* PROBLEM TO SOLVE
Each line of the data must be written out again verbatim; no image belongs in the copy.

(Data entries)
--

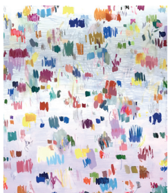
2 Nike de Beer „Isabelle“ 2017, Mischtechnik auf Leinwand, 185 x 210 cm 5900 €
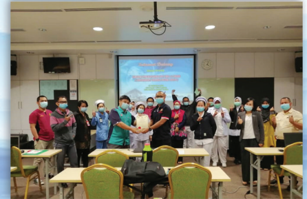
Bengkel Pemantapan ICT (Microsoft Excel) 15 September 2020
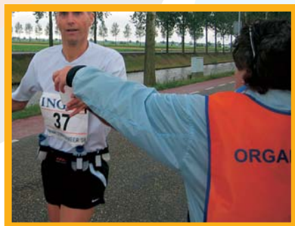
"Water buiten, maar ook van binnen"
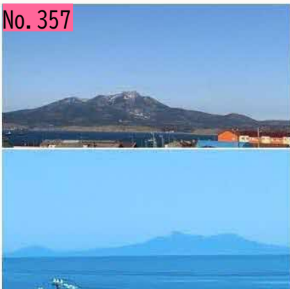
上: 古釜布から望む羅白山 下: 羅白町から望む羅白山
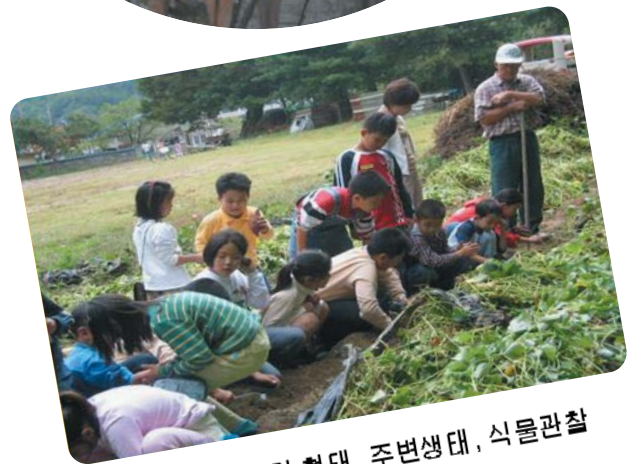
▲ 하천구조 및 형태, 주변생태, 식물관찰
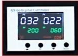
GY-06 Digital Controller
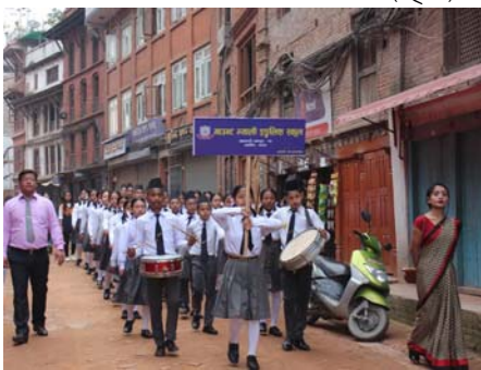
माउण्ड भ्याली (ल्यूया ल्यू)
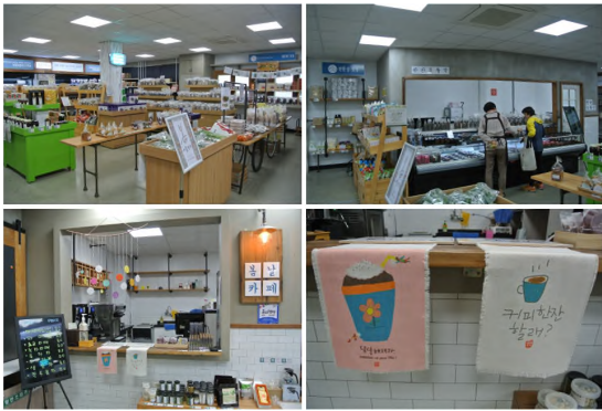
[그림 11] 청양 농부 마켓, 농부밥상

--

* RESULT FOR THIS EXERCISE
2 Nike de Beer „Isabelle“ 2017, Mischtechnik auf Leinwand, 185 x 210 cm 5900 €
Bengkel Pemantapan ICT (Microsoft Excel) 15 September 2020
"Water buiten, maar ook van binnen"
上: 古釜布から望む羅白山 下: 羅白町から望む羅白山
▲ 하천구조 및 형태, 주변생태, 식물관찰
GY-06 Digital Controller
माउण्ड भ्याली (ल्यूया ल्यू)
[그림 11] 청양 농부 마켓, 농부밥상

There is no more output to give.